啊,新的不安!種種還沒有揭出的問題!昨日的苦惱使我厭倦了:我已經嘗盡了它的苦味;我不再相信它;我俯瞰未來的深淵已經不感覺頭暈了。深淵的風啊,帶我去。

  新的不安!這就是那弟弟的不安,弟弟的睡不着的原因,這就是他在罩了破爛衣服的浪子身上看見“滿身罩了光彩”的那原因。要進一步說明這道理,我們必須再說明紀德的一種人生觀念,這種觀念我們可以稱之為“渴思飲”的哲學。在“浪子回家”的第二章中,浪子對父親說:“倒是在沙漠的乾燥中我最愛口渴呢。”在第五章“和弟弟的談話”中談到那隻野石榴,浪子說:“我在沙漠中就是找這種口渴。”這種思想,早在“浪子回家”以前,在1897年出版的“地糧”(Les nourritures terrestres)中,就一再地闡發過了,在“石榴之歌”以及其他幾篇裏,作者一再地說:

我感官中最溫馨的快樂,
曾是渴時得飲。

在“我一切欲望之旋曲”中說:

我不知道那晚我曾夢到甚麼。
當我醒來時我的一切欲望都感到焦渴。
好像在睡眠中,它們曾穿盡了沙漠。

這人生中的渴望,這種生命的力量,永遠渴,永遠向上,永遠追求新的,朝向無窮的希望,是永不能滿足的,雖然作者在“地糧”卷六的開首說:

地上湧出的水源遠超出我們的口渴所需要的水滴。
不斷的更新的水;天空的水氣重又落到地上。

但是可惜:

神的誡條,你們曾使我靈魂創痛。
神的誡條,你們將是十誡或二十誡?
你們的限制將緊縮到何種境地?
你們將教人以永遠有着更多被禁的事物?
對人間我將認為最美的事物的渴求又該加以新的懲罰?
神的誡條,你們曾使我靈魂得病。
你們用高牆圍禁起能使我解渴的唯一水源。

  這所謂神的誡條,這所謂圍禁起那能使人解渴的水源的高牆,表現在“浪子回家”中的,便是“家”,所以在第二章中,父親問浪子當初為甚麼逃出去,浪子說,“因為家關住我…”所以在第四章中,這個曾經是“父母的兒子,弟兄的弟兄”的浪子,他說他在外面所追求的,乃是“我是誰”。他在這個“家”裏邊,在“圍牆”內,在神的,父兄的種種誡條中,他已不知道他是誰,他的生命枯竭,因為沒有新的水源。於是他必須逃開。這在“新的糧食”中,就表現為如下的詩章:

…別滿足於觀看:要觀察。
那時候你就會注意到凡是年輕的都是柔嫩的;那一個芽不是包了多少層苞衣呢!可是原先是保護柔嫩的胚芽的一切都妨礙它了,一等到芽已經萌發了;而任何生長都是不可能的,除非先裂開苞衣,原先包紮它的東西。
人類珍惜自己的襁褓;可是只有會解脫它,纔長得大。斷了奶的孩子並不是忘恩的,如果他推開母親的乳房。
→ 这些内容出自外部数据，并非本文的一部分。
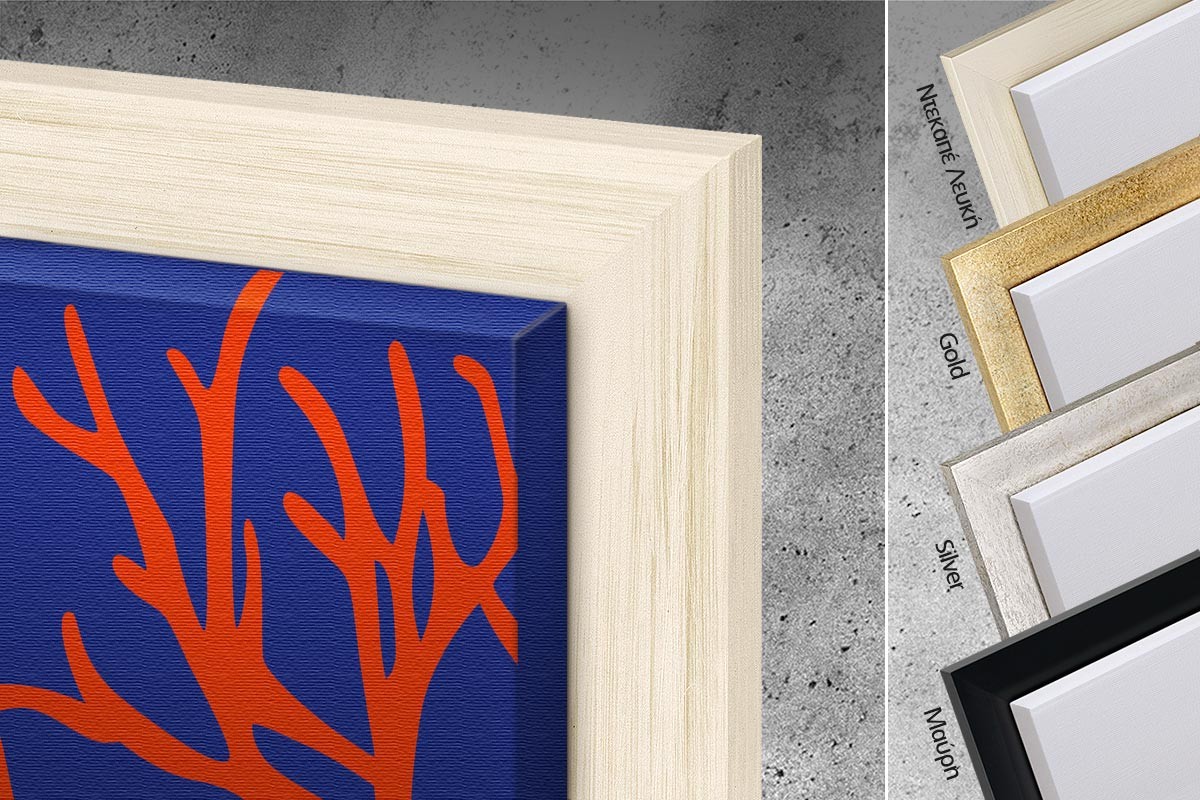 Μπορείτε να επιλέξετε ανάμεσα από 3 τύπους με 4 χρωματικές επιλογές ανά τύπο, Κλασική κορνίζα, κορνίζα Σκοτία και κορνίζα Πλάτη.
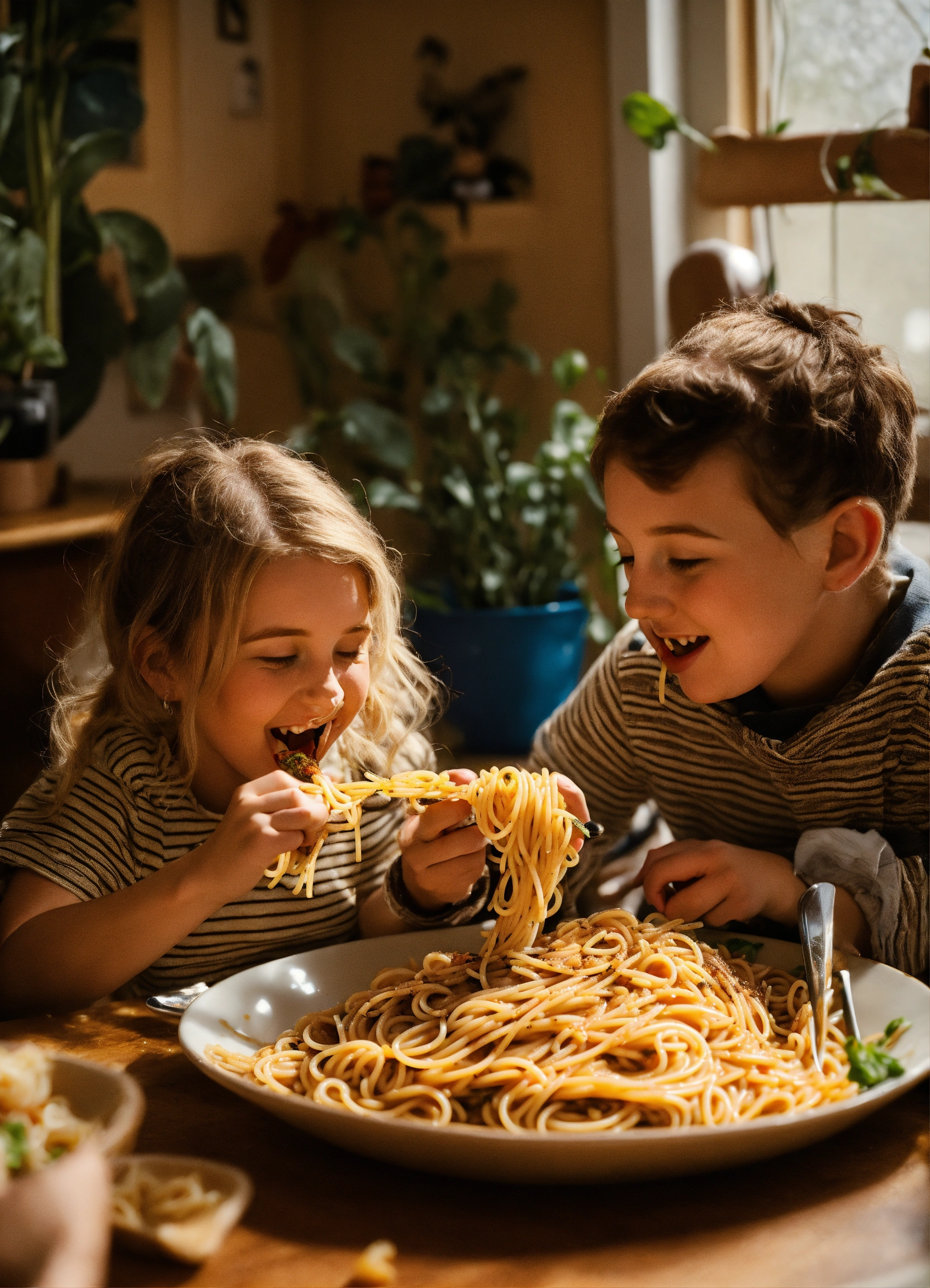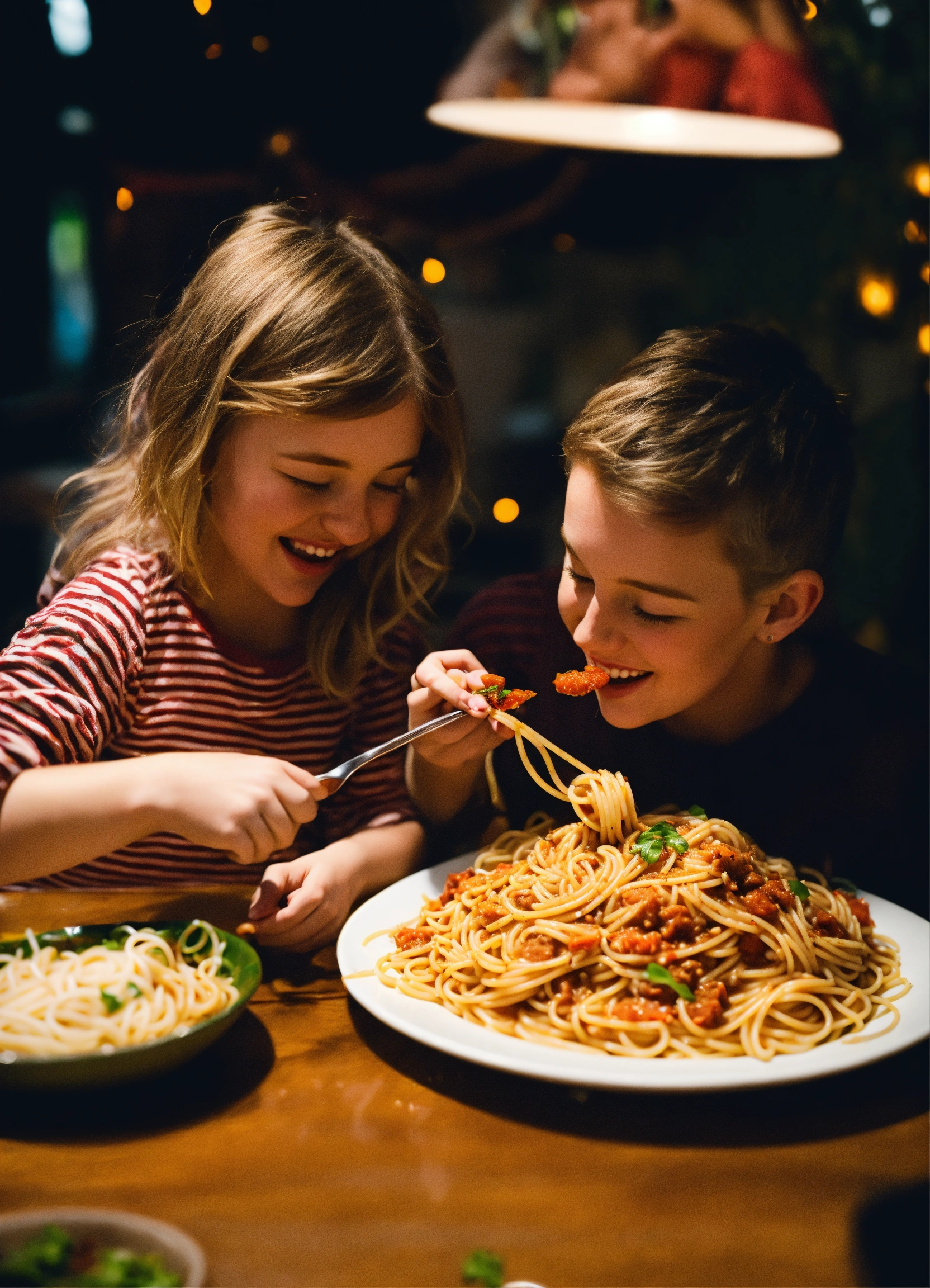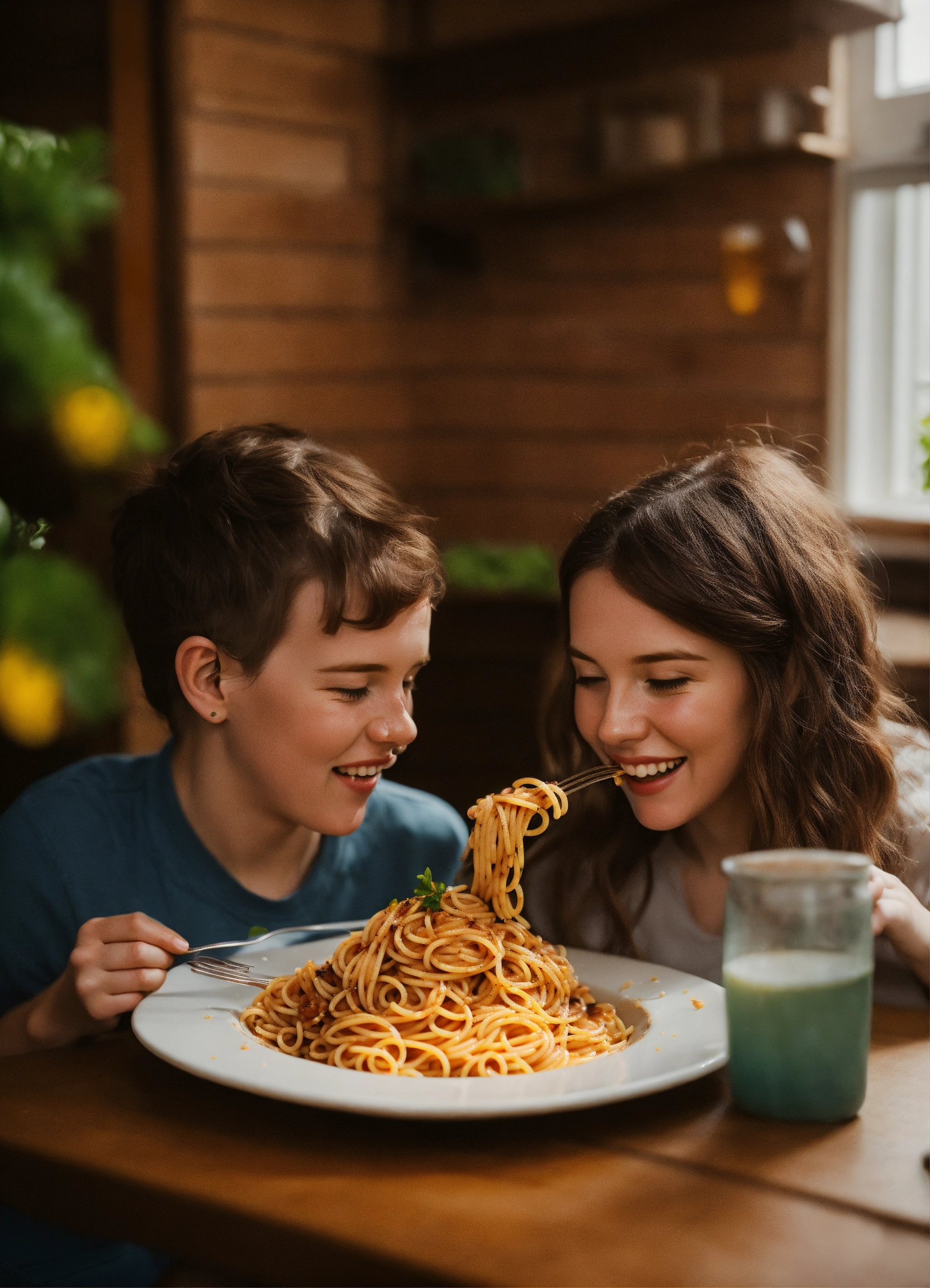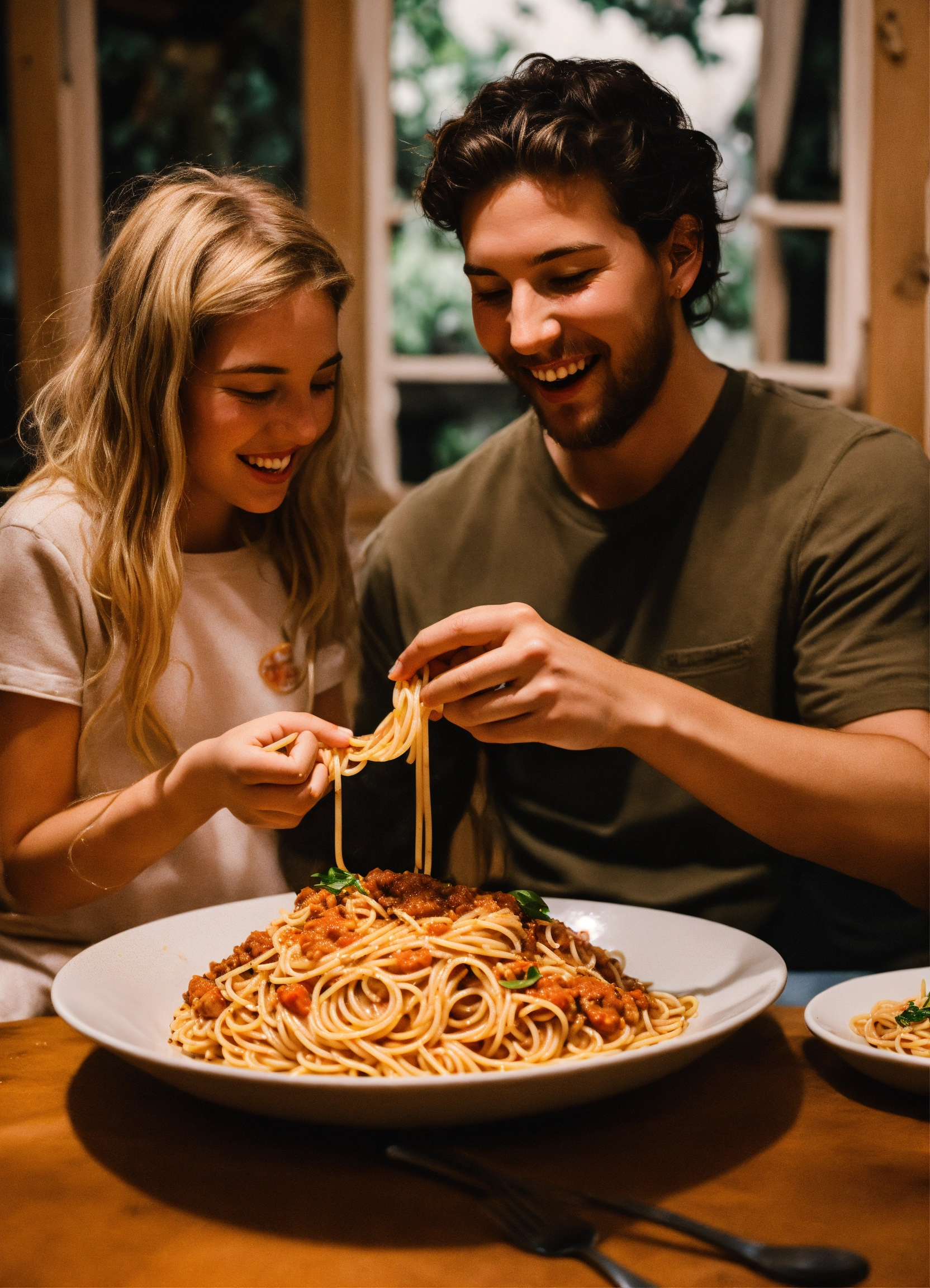 Photo of ellie and joel happily eating spaghetti

他所需要的已經不是奶了。你不會再同意,同志,向人類蒸餾過,濾過的傳統的奶裏找養料了。你的牙齒長在那裏是為了咬,為了嚼的,你該在現實裏找食物。赤裸裸的站起來,勇敢的;裂開苞衣;撇開保護人;為了筆直地長起來,你現在只需要你的樹液的衝動,太陽的召喚了。
你會注意到一切植物都拋遠自己的種子;或者就種子,渾身包裹了美味,誘引了飛鳥的食慾,把它們帶到否則自己到不了的地方;或者裝上了螺旋槳,茸毛,委諸飄游的風飊。因為,把同一植物飼養了太久,土壤就貧瘠了,中毒了,新的一代不會跟第一代一樣在原處找到養料。別想法重新吃你的祖先已經消化過的東西。看看楓木或者青榆生翅膀的種子為何飄飛吧,它們就彷彿懂得親蔭只會給它們消瘦與萎縮。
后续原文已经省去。